Exercise aim: Down to the last line, reproduce the data that follows, but skip the pictures.

Material to process:
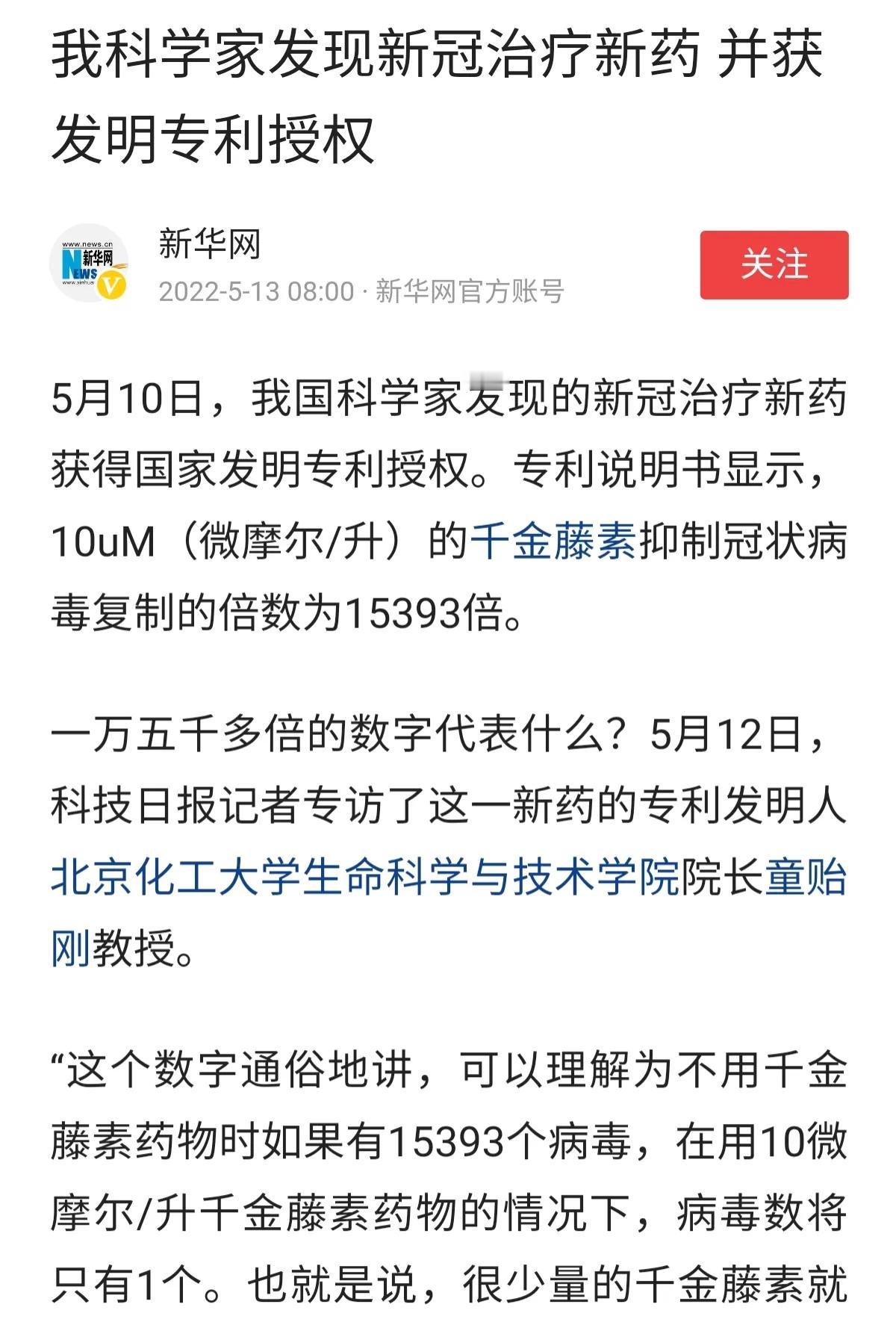 15393,数字实在喜人,这可是千金藤素抑制冠状病毒复制的倍数啊!我国科学家发现的新冠治疗新药获得发明专利授权,核心就在千金藤素上。 千金藤,我可是非常了解熟悉的,它是山乡老家的一种普通中药材,小时候经常会到山上寻找,运气好的话有时能够找到一大片,通常都会采挖根藤回家,父母拿到附近的集市上售卖,如今只剩下美好的回忆了。 从2020年开始,疫情彻底改变了很多人的生活,原本轻松自如的回家之路,因为疫情而变得纠结艰难,与亲人团聚一次又一次推迟或取消,走动亲人朋友越来越稀缺。 期待这一株不起眼的小小千金藤,给我们的未来生活带来希望之光,以它的万倍抑制功力,灭尽新冠之病毒,驱散疫情之阴霾!
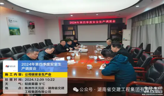 2024年12月9日,湖南省交建工程集團(tuán)有限公司董事長謝志方主持召開了2024年第四季度安全生產(chǎn)調(diào)度會,強(qiáng)調(diào)安全生產(chǎn)是公司經(jīng)營管理的重中之重,必須緊抓不懈,要求嚴(yán)格落實(shí)安全生產(chǎn)責(zé)任制,并部署安全生產(chǎn)具體工作。董事長提出,在歲末年初之際,各部門(分公司)更要精心組織開展安全隱患大排查大整治活動,重點(diǎn)檢查施工現(xiàn)場的機(jī)械設(shè)備、臨時用電、高處作業(yè)等環(huán)節(jié),對排查出的隱患問題,及時制定整改方案,落實(shí)責(zé)任人,限期整改,確保隱患徹底消除。
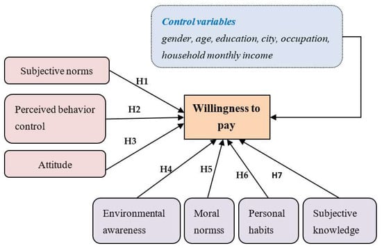 In contrast to previous studies, environmental awareness, moral norms, subjective knowledge, and personal habits have not been discussed together, although some researchers have studied WTP in conjunction with other theoretical models. Therefore, this study proposes to introduce an integrated model (as shown in Figure 1) to study the WTP of Chinese residents for adopting a green lifestyle. Thus, a research model of consumers’ willingness to pay for carbon-neutral products is constructed to evaluate the relationship between attitude, perceived behavior control, subjective norms, moral norms, personal habits, subjective knowledge, environmental awareness, and WTP. The assumptions are as follows:
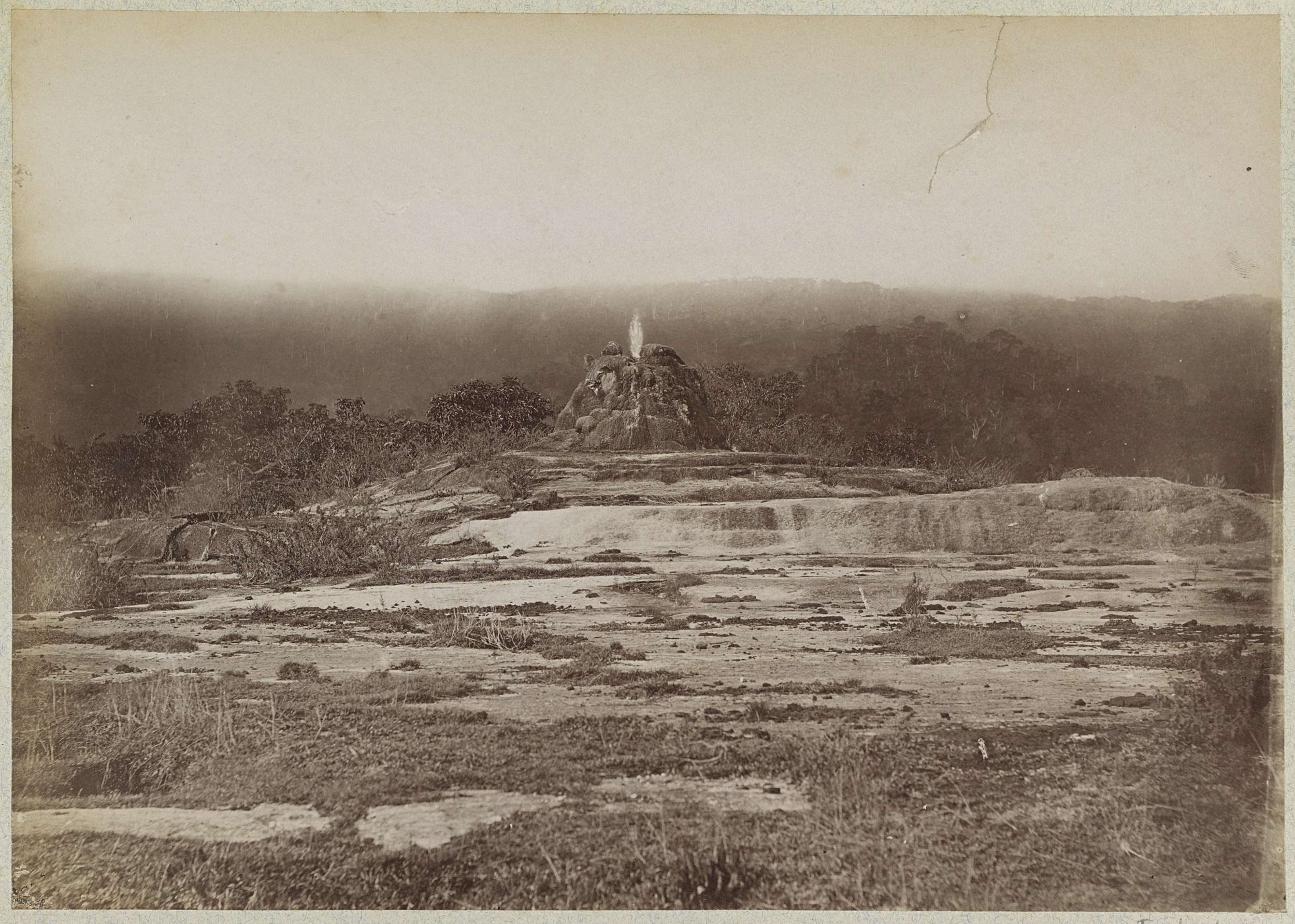 Vulkanisch landschap met rookpluim, vermoedelijk op ...
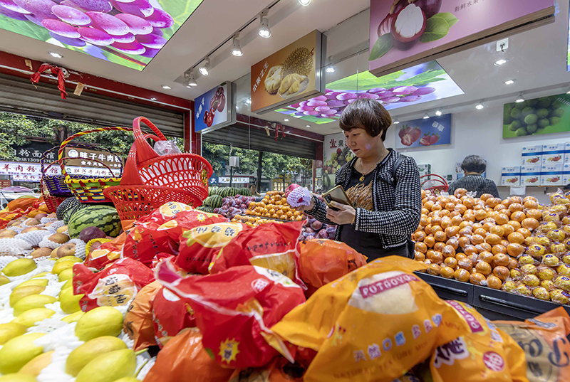 5月11日,消费者在贵州省黔西市一家超市选购水果。
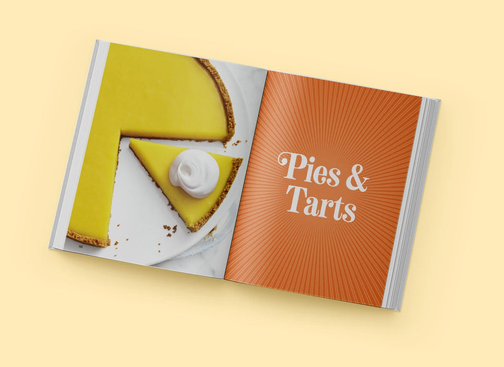 - Hidden spiral binding so the book lays flat on your counter or table when you’re baking
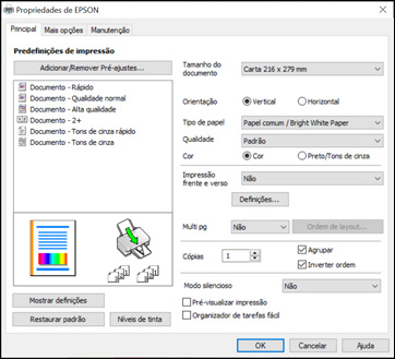 ser que também tenha que selecionar Propriedades ou Preferências para ver as suas configurações de
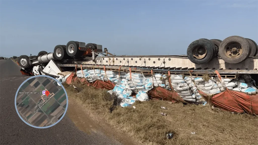 Vuelca tráiler cargado con alimento para camarón en Ahome; cabina queda aplastada y chofer se salva de milagro
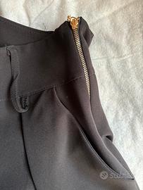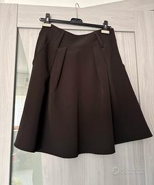 Gonna a pieghe con taglio ad A di color nero. - Vita alta. - Chiusura zip laterale. - Tasche laterali. - Passanti sul cinturino in vita.

Written solution:
 15393,数字实在喜人,这可是千金藤素抑制冠状病毒复制的倍数啊!我国科学家发现的新冠治疗新药获得发明专利授权,核心就在千金藤素上。 千金藤,我可是非常了解熟悉的,它是山乡老家的一种普通中药材,小时候经常会到山上寻找,运气好的话有时能够找到一大片,通常都会采挖根藤回家,父母拿到附近的集市上售卖,如今只剩下美好的回忆了。 从2020年开始,疫情彻底改变了很多人的生活,原本轻松自如的回家之路,因为疫情而变得纠结艰难,与亲人团聚一次又一次推迟或取消,走动亲人朋友越来越稀缺。 期待这一株不起眼的小小千金藤,给我们的未来生活带来希望之光,以它的万倍抑制功力,灭尽新冠之病毒,驱散疫情之阴霾!
 2024年12月9日,湖南省交建工程集團(tuán)有限公司董事長謝志方主持召開了2024年第四季度安全生產(chǎn)調(diào)度會,強(qiáng)調(diào)安全生產(chǎn)是公司經(jīng)營管理的重中之重,必須緊抓不懈,要求嚴(yán)格落實(shí)安全生產(chǎn)責(zé)任制,并部署安全生產(chǎn)具體工作。董事長提出,在歲末年初之際,各部門(分公司)更要精心組織開展安全隱患大排查大整治活動,重點(diǎn)檢查施工現(xiàn)場的機(jī)械設(shè)備、臨時用電、高處作業(yè)等環(huán)節(jié),對排查出的隱患問題,及時制定整改方案,落實(shí)責(zé)任人,限期整改,確保隱患徹底消除。
 In contrast to previous studies, environmental awareness, moral norms, subjective knowledge, and personal habits have not been discussed together, although some researchers have studied WTP in conjunction with other theoretical models. Therefore, this study proposes to introduce an integrated model (as shown in Figure 1) to study the WTP of Chinese residents for adopting a green lifestyle. Thus, a research model of consumers’ willingness to pay for carbon-neutral products is constructed to evaluate the relationship between attitude, perceived behavior control, subjective norms, moral norms, personal habits, subjective knowledge, environmental awareness, and WTP. The assumptions are as follows:
 Vulkanisch landschap met rookpluim, vermoedelijk op ...
 5月11日,消费者在贵州省黔西市一家超市选购水果。
 - Hidden spiral binding so the book lays flat on your counter or table when you’re baking
 ser que também tenha que selecionar Propriedades ou Preferências para ver as suas configurações de
 Vuelca tráiler cargado con alimento para camarón en Ahome; cabina queda aplastada y chofer se salva de milagro
 Gonna a pieghe con taglio ad A di color nero. - Vita alta. - Chiusura zip laterale. - Tasche laterali. - Passanti sul cinturino in vita.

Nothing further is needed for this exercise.